| WHAT YOU NEED TO DO |
For every record, give an exact copy that has no pictures in it.

| RECORDS SUPPLIED |
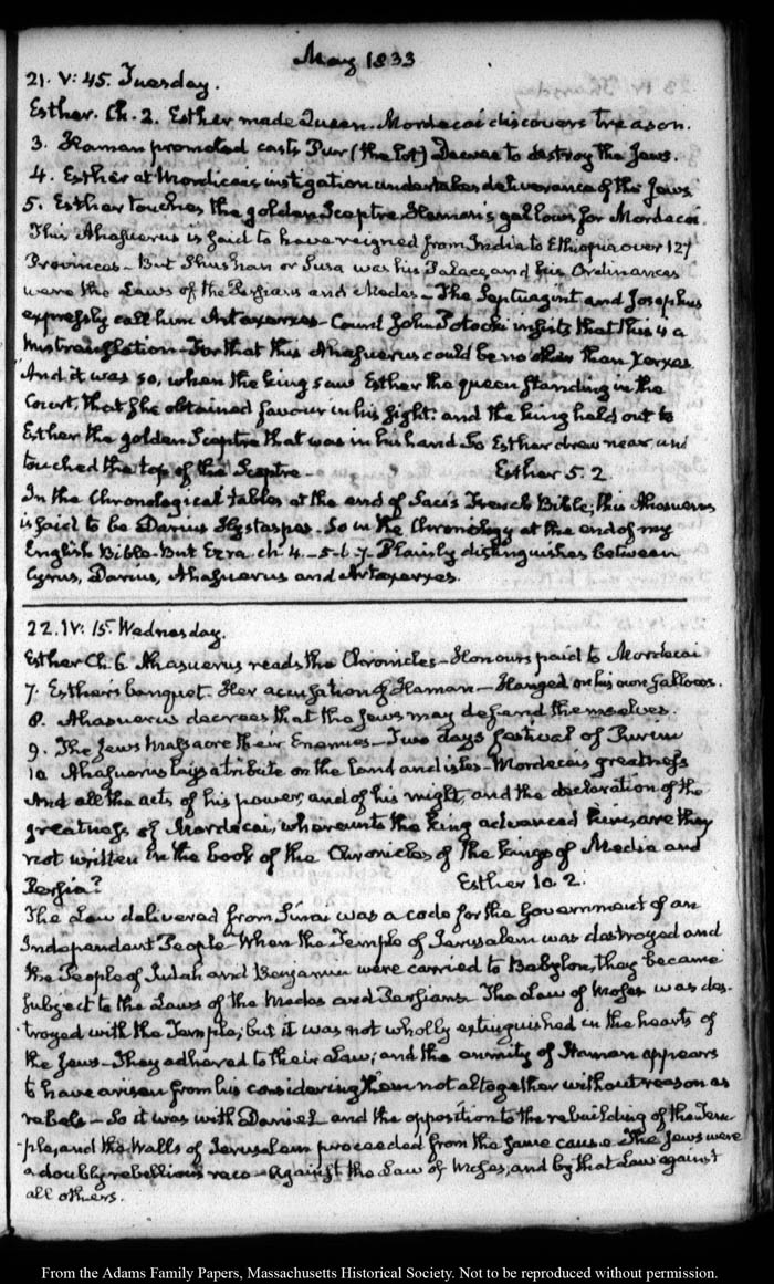 View full, authoritative transcriptions with page images of the diaries at John Quincy Adams Digital Diary part of the Primary Source Cooperative at the MHS.
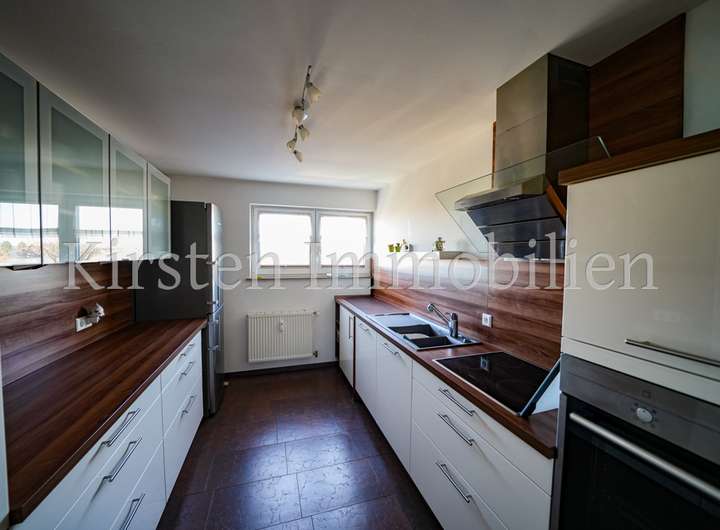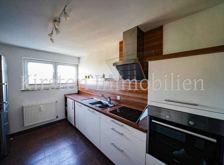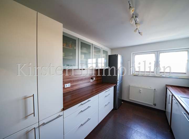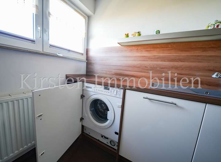 Die Küche wurde ebenfalls modernisiert und mit einer hochwertigen Einbauküche ausgestattet, in die auch die Waschmaschine integriert ist, funktional und platzsparend zugleich.
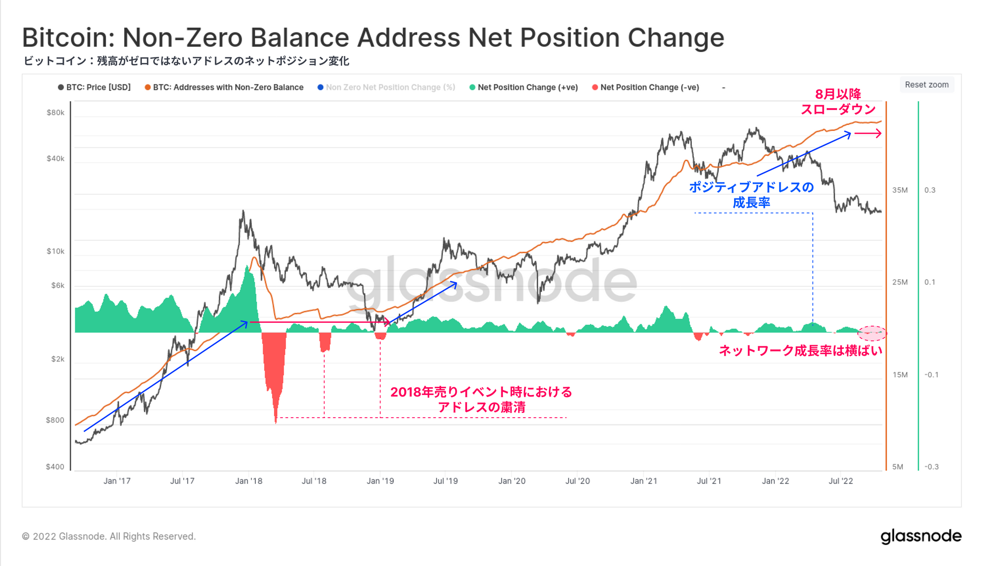 ・オンチェーンでの活動やネットワークの利用は依然として弱く、ネットワーク効果の拡大が乏しいことを示唆している。
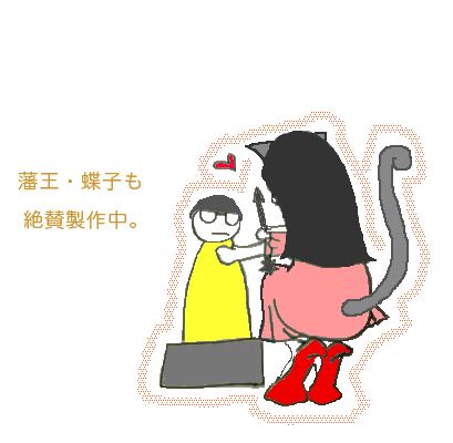 み、見つかった…・?! 藩王蝶子が深夜にこっそり作品を彫っている所です。 (画像提供:小奴さん)
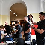 Policjanci prezentowali sprzęt stosowany m.in. podczas zabezpieczania imprez masowych, funkcjonariusze służby więziennej zakuwali chętnych w kajdanki na ręce i nogi.
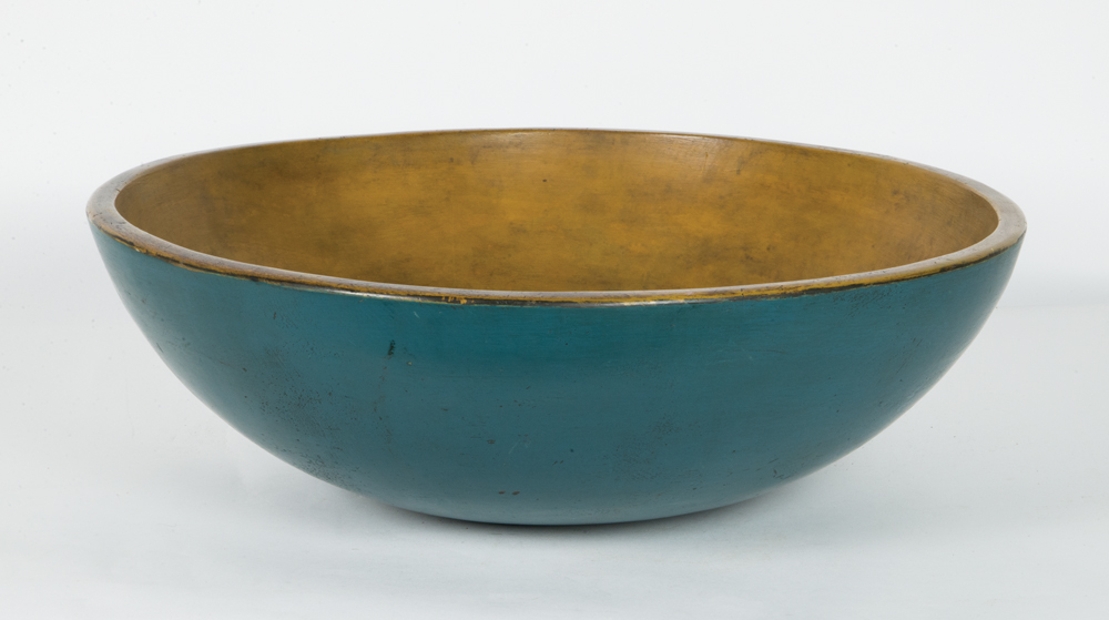 Turned wood bowl, in 20th c. blue painted finish, good condition, 24″ dia.
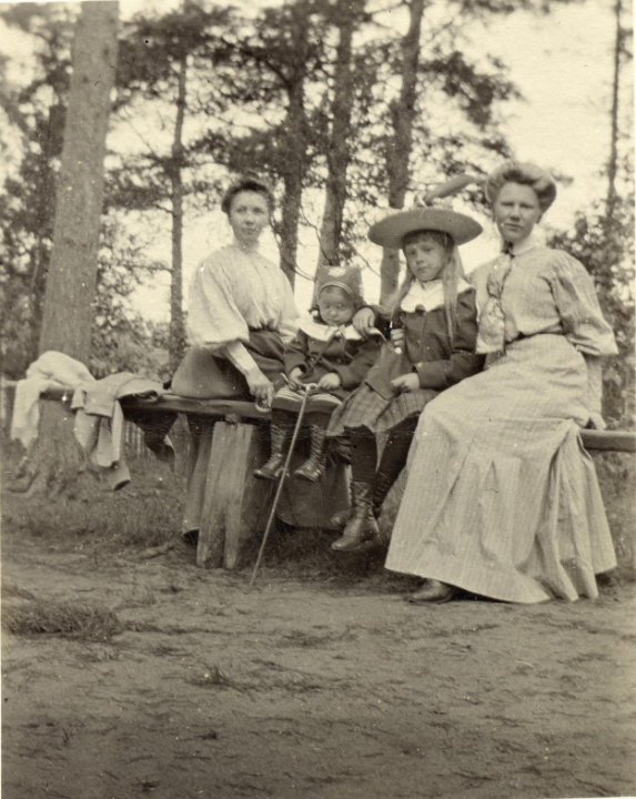 Нина и Марианна Дурдины на скамейке с двумя женщинами
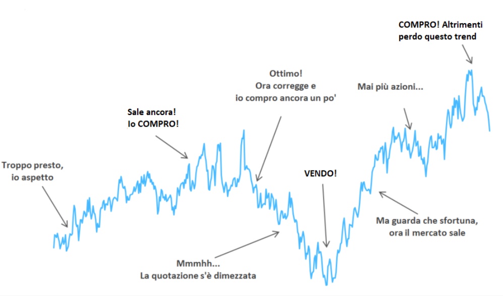 L’avversione alle perdite e l’avidità nei guadagni spingono molte volte l’investitore a farsi prendere dal panico sia in un senso che in altro ovvero vendere ai minimi o comprare ai massimi di mercato.

| ANSWER TO THIS EXERCISE |
 View full, authoritative transcriptions with page images of the diaries at John Quincy Adams Digital Diary part of the Primary Source Cooperative at the MHS.
 Die Küche wurde ebenfalls modernisiert und mit einer hochwertigen Einbauküche ausgestattet, in die auch die Waschmaschine integriert ist, funktional und platzsparend zugleich.
 ・オンチェーンでの活動やネットワークの利用は依然として弱く、ネットワーク効果の拡大が乏しいことを示唆している。
 み、見つかった…・?! 藩王蝶子が深夜にこっそり作品を彫っている所です。 (画像提供:小奴さん)
 Policjanci prezentowali sprzęt stosowany m.in. podczas zabezpieczania imprez masowych, funkcjonariusze służby więziennej zakuwali chętnych w kajdanki na ręce i nogi.
 Turned wood bowl, in 20th c. blue painted finish, good condition, 24″ dia.
 Нина и Марианна Дурдины на скамейке с двумя женщинами
 L’avversione alle perdite e l’avidità nei guadagni spingono molte volte l’investitore a farsi prendere dal panico sia in un senso che in altro ovvero vendere ai minimi o comprare ai massimi di mercato.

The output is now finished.